Cinta Abadi by Lathifa Oktaviana

45 13 2
                                    

Cinta Abadi


Pagi yang indah dihiasi sinarnya, kicauan- kicauan burung  membawa kedamaian sejati. Tenang,  damai dan hangat yang kurasa. Dalam dekapannya aku merasa aman. Bau tubuhnya sungguh harum melingkupi seisi ruangan.

Kejadian hari ini sungguh tak terduga. Aku sungguh merasa bahagia ketika dia di sisiku. Dia mendekapku melawan rindu. 

Biar aku beritahu kejadian romantis ini dimulai. Kemarin saat mentari pagi memancarkan keindahannya, seperti biasa aku datang kerumahnya memberi bekal kesukaannya. Aku memasak dengan sepenuh hati agar senyumannya dapat diberi.

Sayang seribu sayang ..., dia sudah mendapatkan bekal yang baru. Aku hanya menatapnya dari kejauhan. Matanya berbinar terang bagai rembulan di tengah malam.

Inikah kesalahanku karena tak membuatkannya bekal seminggu lalu? Apa dia lelah menunggu atau bosan masakanku?

Tak terasa air mataku mengalir jatuh ke bumi. Bekal ini ku genggam erat hingga membekas kuku jariku. Aku tersenyum melihatnya bahagia dengan yang baru. Meski hati ini menangis tersedu- sedu.

Di dalam keterpakuanku, sapuan bulu- bulu menampakkan dalam ambang kesadaran. Tatapanku mengalih pada sesuatu di bawahku. Hitam legam tapi buram, sepertinya kucing manis ini lapar.

Aku membawanya mengunjungi rumahku. Terdapat ikan dan ayam di atas meja dan ku berikan padanya. Ikan itu dilahapnya habis, lalu diseretnya ayam. Ayam yang lezat tak mampu menolak ketika baru saja tersentuh lalu dibuang tak termakan.

Seketika aku tersadar inilah jawabannya. Sore hari aku memasakkan makanan favoritnya untuk ku bawa ke rumahnya.

Saat aku sudah sampai di rumah dia, aku bertemu dengannya dengan raut terkejut. Memang aku tak pernah datang ke rumahnya pada sore hari, hari ini pertama kalinya. Dibukanya pintu rumah, aku dibiarkan menunggu lama.

Dia membawa piring- piring dan sendok. Kubukakan bekalku lalu aku sajikan di atas piring, “Makanlah.” ucapku padanya.

Entah apa perasaannya, dia hanya tersenyum dan mulai menyantap makanan itu. Hingga lenyap tak terbekas, aku dengan segenap hati membersihkan bekas pring, membersihkan rumahnya  hingga malam menjelang.
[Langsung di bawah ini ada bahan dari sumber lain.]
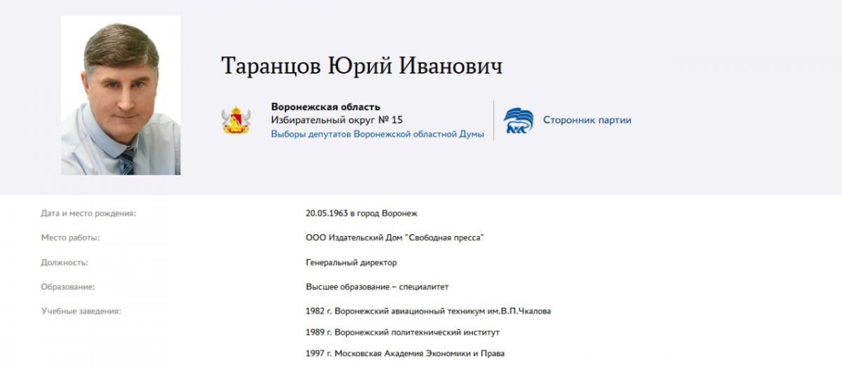 На праймериз «Единой России» выдвинул свою кандидатуру воронежский медиаменеджер Юрий Иванович. Он планирует занять избирательный округ №15 вороблдуме, на который уже подавался в 2020 году. В настоящее время Таранцов занимает должность генерального директора ООО «Издательский дом «Свободная пресса». Эта компания является учредителем местной газеты «Моё!». Таранцов возглавил ООО «Издательский дом «Свободная пресса» в конце 1990-х годов. В этом году на округе №15 у медиа-менеджера есть серьёзные конкуренты. Ранее стало известно о том, что заместитель председателя правительства Воронежской области Виктор Логвинов выдвинулся на праймериз «Единой России» в областную думу по партийному территориальному списку № 15 (Рамонь-Верхняя Хава-Эртиль). Ранее от этой же территории, но по одномандатному округу выдвинулся первый зампред областной думы Александр Солодов.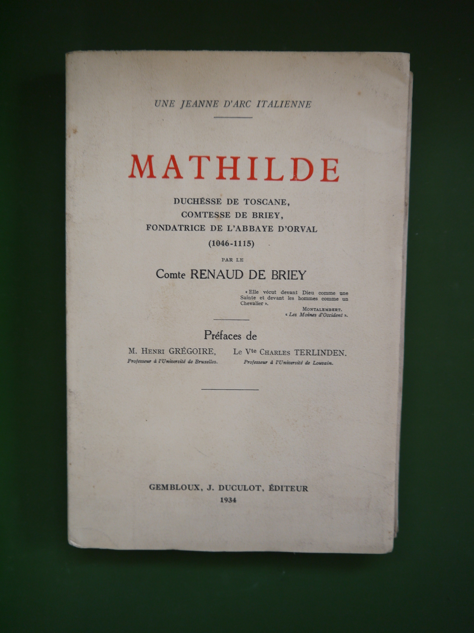 « Mathilde, duchesse de Toscane, comtesse de Briey, fondatrice de l’abbaye d’Orval (1046-1115) ». « Une Jeanne d’Arc italienne » précise l’auteur… dont une rapide biographie est disponible ici.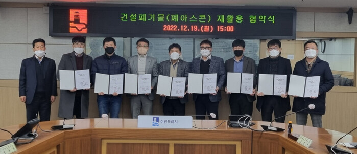 수원시는 19일 수원시청에서 폐아스콘 재활용처리업체 7개 사와 ‘폐아스콘 재활용 협약’을 체결하고, 관내에서 발생하는 폐아스콘 처리에 협력하기로 했다.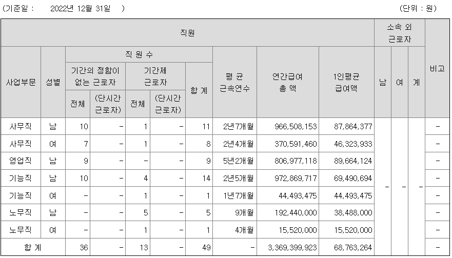 미등기임원의 평균연봉은 1억 1800만원이고 직원수는 7명입니다.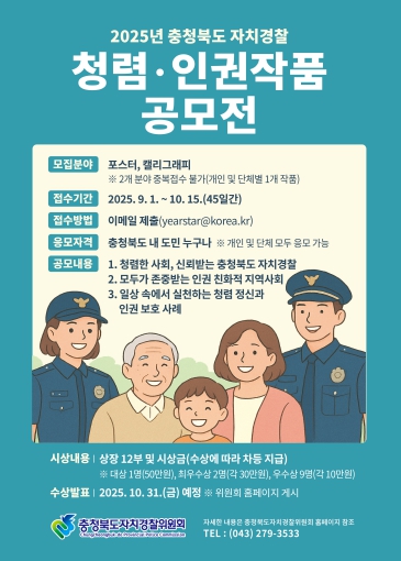 [뉴스다컴] 충청북도자치경찰위원회는 도민을 대상으로 ‘2025년 청렴‧인권작품 공모전’을 개최한다고 밝혔다. 이번 공모전은 생활 속 청렴 정신과 인권 존중의 가치를 널리 확산하고, 도민과 함께 소통하는 참여의 장을 마련하기 위해 추진된다.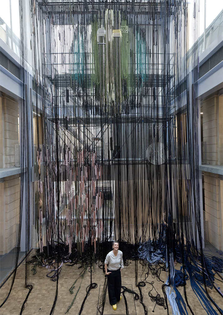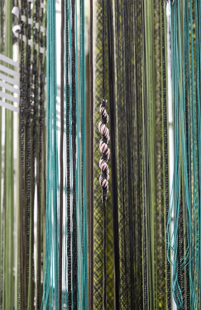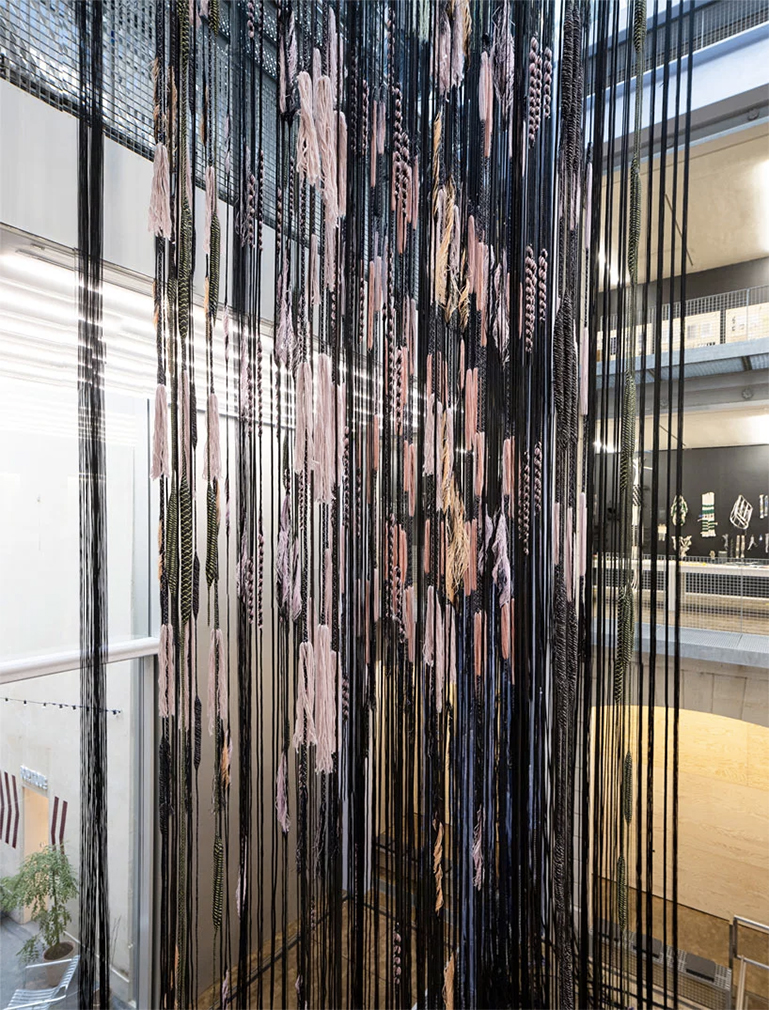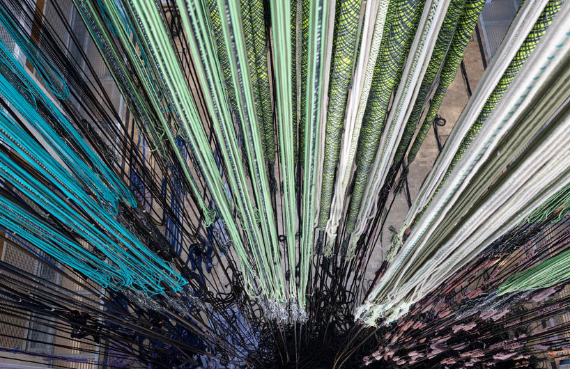 Strands of twine wrap around the courtyard of Paris’ Lafayette Anticipations gallery, which has been transformed into a huge fabric factory by Hella Jongerius.

Aku menampakkan raut letih saat  dia datang memasuki dapur. Dia dengan baik hati menawariku menginap di rumahnya, terang saja aku sambut dengan hati berbunga- bunga.

Diarahkannya diriku ke arah kamarnya, dengan perlahan aku memasuki kamar itu, luas nan indah isinya. Bau maskulin ini yang ku suka, timbullah cintaku semakin membara.

Aku merebahkan tubuh letihku di ranjang, sambil menatap langit- langit kamar. Detik demi detik berlalu, bergerak mengukir waktu. Hewan malam yang halus berderik, angin malam melambai di cakrawala, hingga bulan pembawa kesunyian tak mampu membuatku terlelap. Ku hembuskan nafas gelisah, bergerak tak berirama semakin membuatku gundah.

Terpaksa aku keluar kamar untuk mengusir jenuh, tujuan awalku adalah dapur. Sekelilingku gelap total tak ada kehidupan. Pujaan hatiku telah terlelap damai membuat senyuman samar terbentang. Air dalam gelas penuh memasuki lambung kecilku yang mampu meredakan dahaga ini hingga tak terasa dua gelas tandas tak terbekas.

Entah dorongan dari mana aku pergi ke kamar dia. Ku buka perlahan pintu kamar, menampakkan sosok pria tampan yang terlelap damai. Wajah berseri seakan bulan kembali ke peraduannya, bulu lentik yang alami dan bibir tipis merona sungguh pahatan yang sempurna.

Aku mendekat pada kaca kamarnya, kuperlihatkan wajahku. Tak ada cacat, cantik, tubuhku ideal, ketika aku tersenyum ada rongga yang dalam. Lalu mengapa pria itu hingga kini tak mengakui perasaannya padaku? dimanakah letak kekuranganku?